Getting at adult basic education students’ study strategies: a pilot study. (English)

van Groenestijn, Mieke (ed.) et al., Mathematics as part of lifelong learning. Proceedings of the 5th international conference of adults learning maths ‒ research forum, ALM 5, Utrecht, The Netherlands, July 1‒3, 1998. London: Goldsmiths College, University of London (ISBN 0-902986-46-5). 85-91 (1999).

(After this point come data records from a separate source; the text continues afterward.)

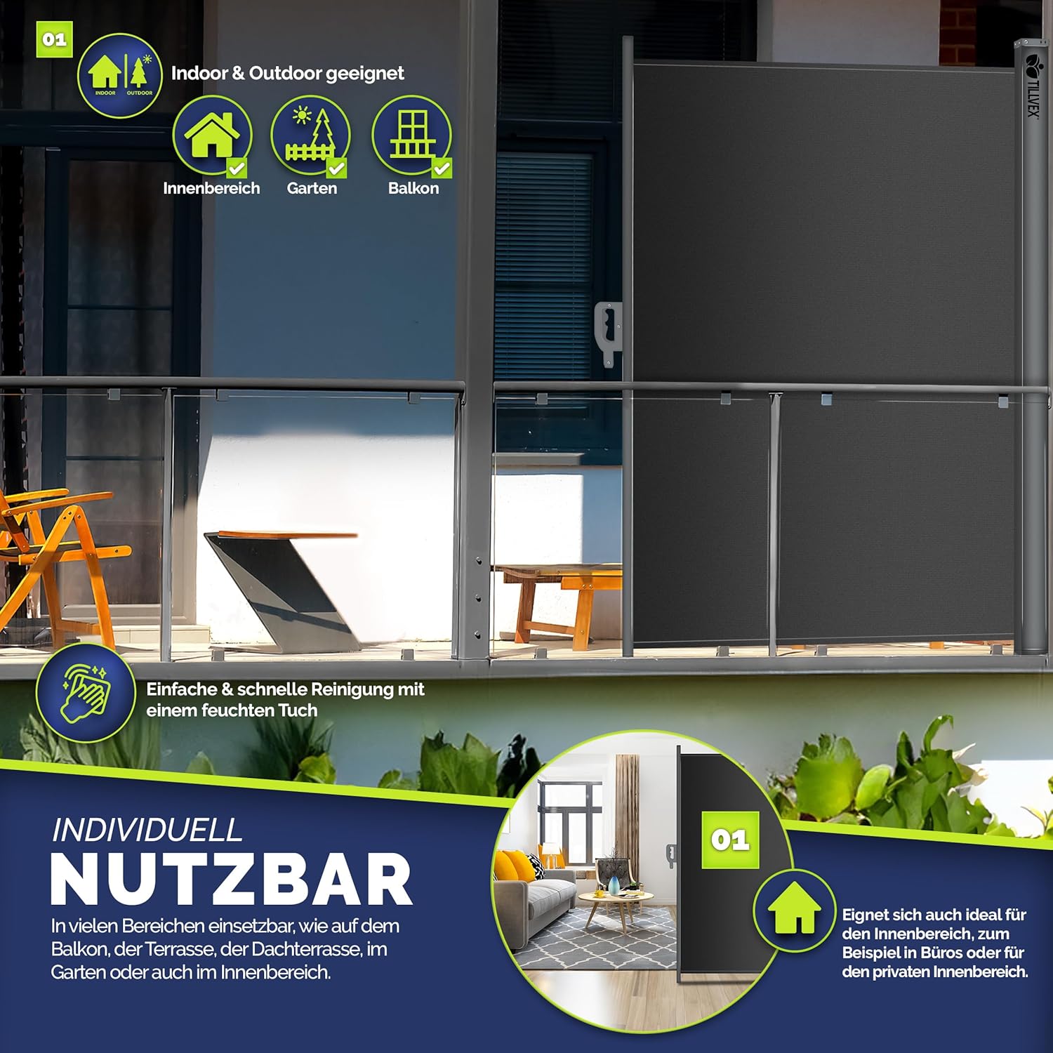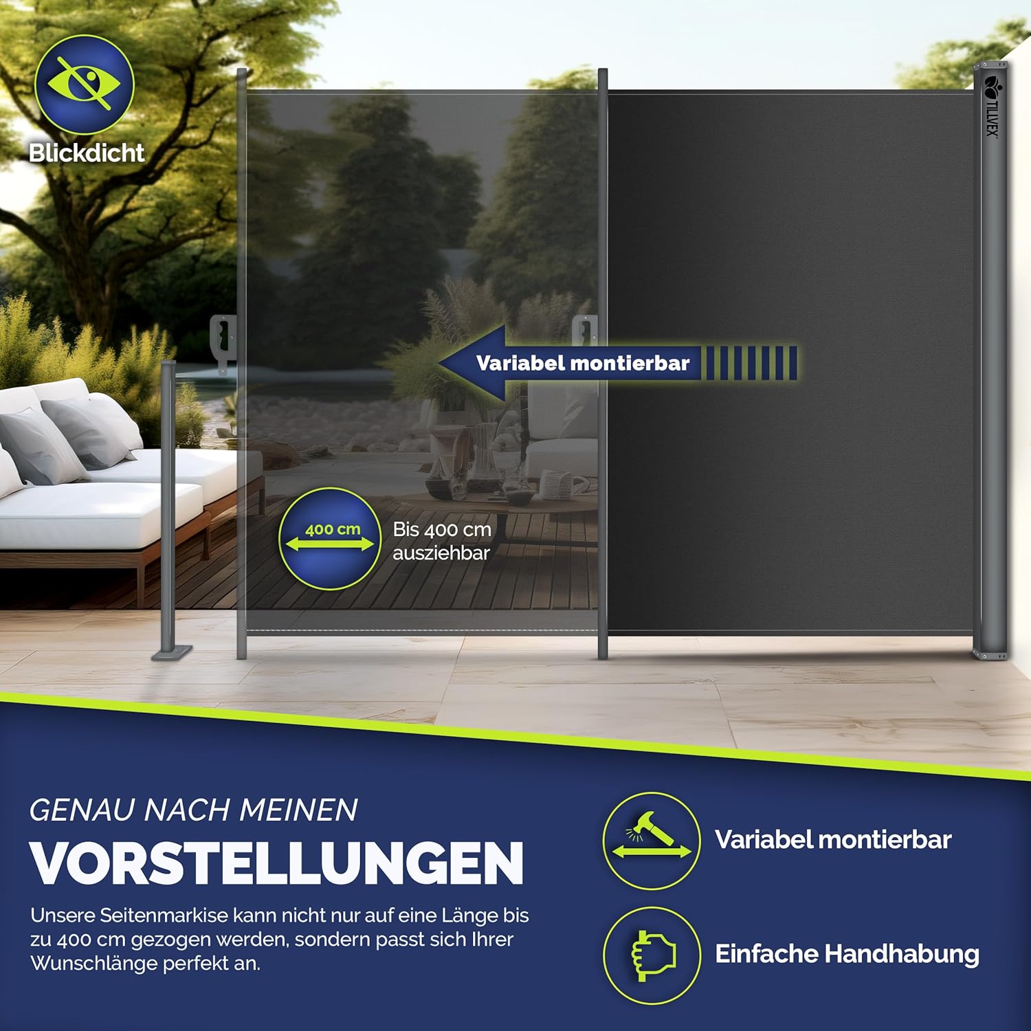 • Maximale privacy en bescherming: onze royale zijluifel creëert een privé oase op je balkon, tuin of terras. Geniet van ongestoorde momenten en bescherm jezelf betrouwbaar tegen nieuwsgierige blikken van de buren. De hoogwaardige polyester bekleding (220 g/m²) met waterafstotende PU-coating biedt langdurige bescherming tegen zon, regen en uv-stralen (UV50+) om je privacy te behouden en je luifel te beschermen.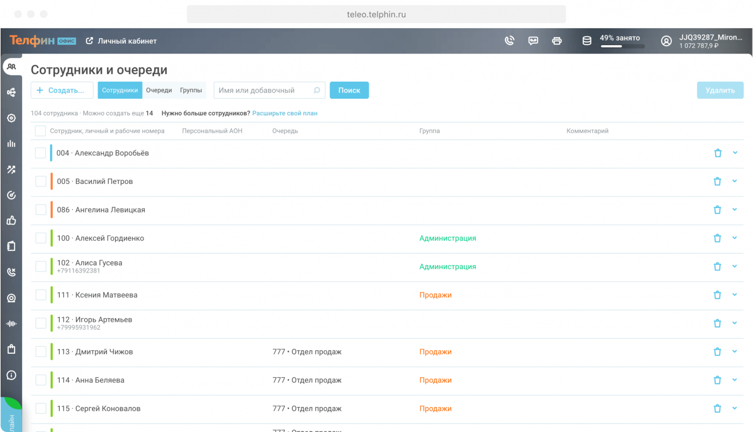 Телфин — это виртуальная телефония для малого и среднего бизнеса. Облачная АТС позволяет быстро создать корпоративную телефонную сеть с учётом специфики сферы работы компании.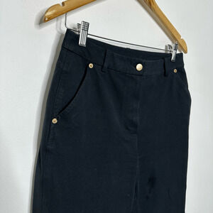 ST. JOHN Sport Straight Leg Button Accent Pants Black Stretch Womens 6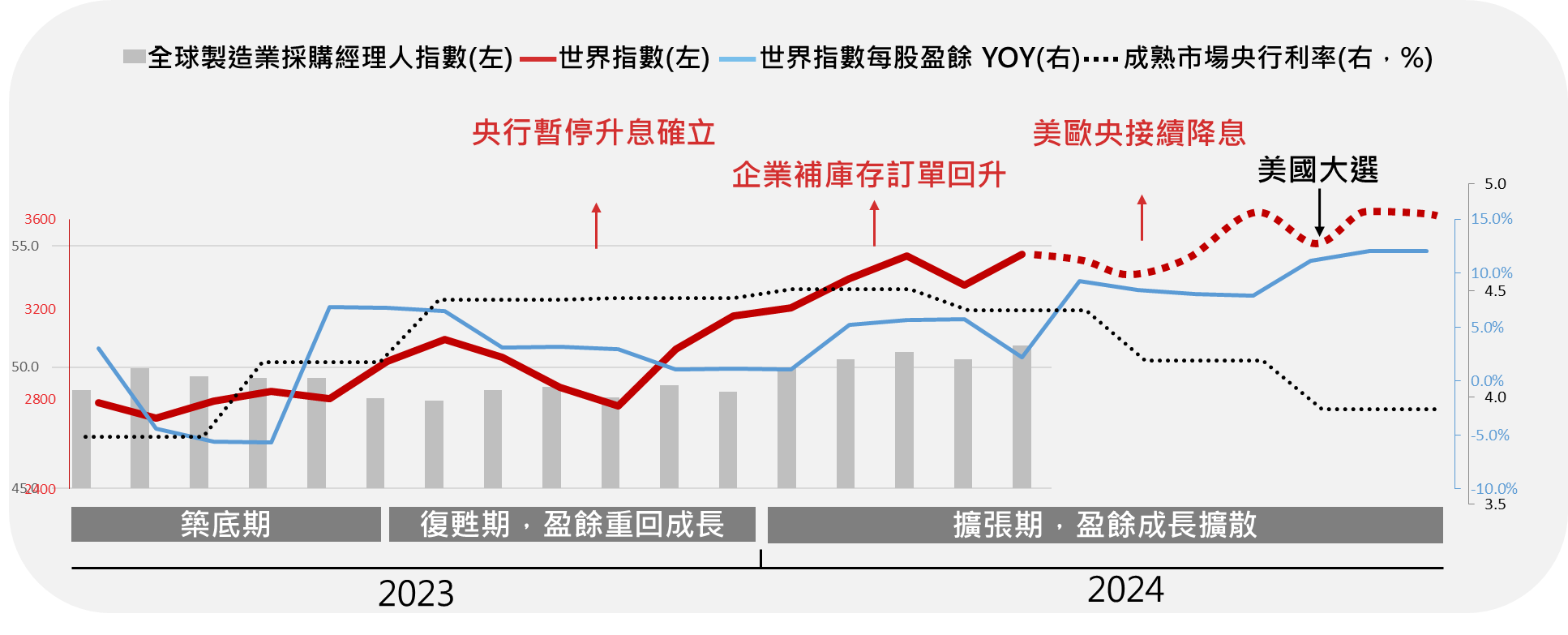 中信銀指出,成熟國家央行陸續啟動降息,金融市場走勢將延續良性發展的路徑,帶動企業獲利持續成長,並促使獲利動能往美國以外的市場及科技以外的類股擴散。然而美國大選、地緣政治風險恐為下半年行情的最大不確定性,且中東地緣動盪尚未消弭,川普與拜登於民調差距有限之下,雙方為爭取選票於中東及俄烏地緣事件立場搖擺,也試圖對中國大陸再打貿易戰,造成政經不確定性上升。

In 1997, the author combined a course assignment to conduct a pilot field research project with a long-standing interest in learning more about mathematical understandings of adults who enroll in adult basic education (ABE) programs. The setting was an adult learning center in Massachusetts in a math class of 16 adult learners, three of whom were the focus of the study. Through twelve participant class observations and five interviews she aimed to devise a way to begin to investigate and to document strategies low literate adults with little formal education use to successfully negotiate the mathematics embedded in the activities and demands of their lives. The findings from this initial foray suggest that adults enrolled in basic skill programs use some sensible strategies in their everyday math activity that either appear idiosyncratic or differ from traditionally taught school math. The author$\rq$s questions were: (1) What sturdy methods, strategies, and algorithms do adults (who enroll in ABE programs in the U.S.) use in their out-of-school mathematical practice? (2) How might it be possible to uncover such strategies in an ABE setting? (3) Once we do uncover personal strategies, what do we as teachers do with that information?